Active Directory Automation Scripts

The problem

When you manage Active Directory for an organization with over 100 physical locations, things get tedious fast. Every club had its own OU, its own set of security groups, and anywhere from 3 to 8 workstations that all needed to land in the right place. New workstations would show up in the default Computers container and just sit there until someone manually moved them.

The naming convention helped. Every workstation hostname started with its three-digit club number. A front desk workstation at club 623 would be named something like 623-FD1. A kiosk would be 623-KIOSK. That pattern was the key to automating the whole thing.

How it works

The script pulls every computer object from the Clubs OU (and optionally the default Computers container for unsorted workstations). It uses a regex to extract the club number from the hostname, then looks up the target OU from a CSV mapping file. Once it knows where a workstation belongs, it moves it to the correct OU and adds it to the right security groups.

$regex = [regex]::new("\d+")
foreach ($computer in $computers) {
    $SelectedComputer = ($computer.Name)
    if ($SelectedComputer -match "([0-9]{3})") {
        $computermatch = $regex.Match($SelectedComputer)
        $ComputerClubID = [int]$computermatch.Value
        # Build security group names from club ID
        $FRD = $ComputerClubID + '-FRD'
        $FD  = $ComputerClubID + '-FD'
        $MF  = $ComputerClubID + '-KIOSK'
    }
}

The security groups follow a predictable naming pattern too. Each club has groups for front desk (FD), front desk reception (FRD), kiosk, and back office (BO) workstations. The script builds those group names dynamically from the club number, so it doesn't need a separate lookup table for group assignments.

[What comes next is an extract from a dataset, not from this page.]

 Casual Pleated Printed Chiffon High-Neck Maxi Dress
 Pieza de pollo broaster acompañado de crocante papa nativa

The default Computers problem

There's a second version of the script specifically for workstations that land in the default Computers container. When a new workstation joins the domain, it drops into that container by default. If someone forgets to pre-stage the computer object, it just sits there with no GPOs applied. The default-computers variant catches those stragglers, matches them by hostname, and moves them where they need to go.

Bulk OU migrations

Alongside the workstation scripts, I built a pair of simple movers: one for users and one for computers. Both read from a CSV with the object's distinguished name and the target OU, then loop through and move each one. We used these during a major OU restructure where we reorganized the entire directory tree. Doing that by hand for hundreds of objects across 100+ clubs was not happening.

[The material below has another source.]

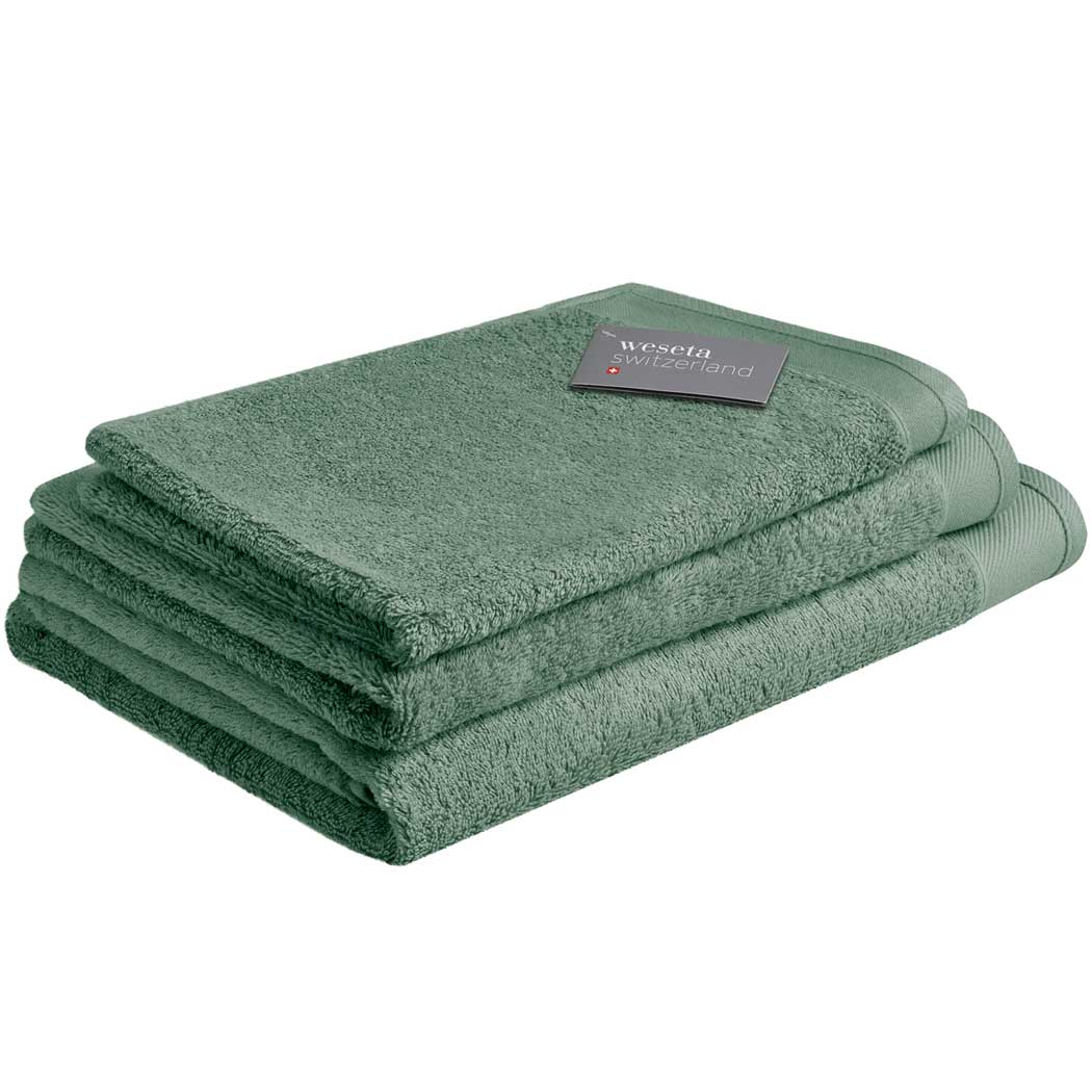 Luxusfrottier aus 100 % langstapeliger Baumwolle. Das Schweizer Frottiergewebe hergestellt nach dem einzigartigen Weseta-Verfahren ist aufgrund der besonderen Webtechnik außerordentlich weich, besonders leicht und extrem saugfähig. Es wird nachhaltig in der Schweiz produziert gemäß STANDARD 100 by OEKO-TEX.

Cleaning up disabled accounts

The last piece is a cleanup script that finds all disabled user accounts and strips their group memberships. When someone leaves the company, their account gets disabled, but the group memberships often stick around. This script runs periodically and removes those stale memberships so our security groups stay accurate.

None of these scripts are complicated on their own. But at scale, they saved hours of manual work every week and kept the directory consistent across every location.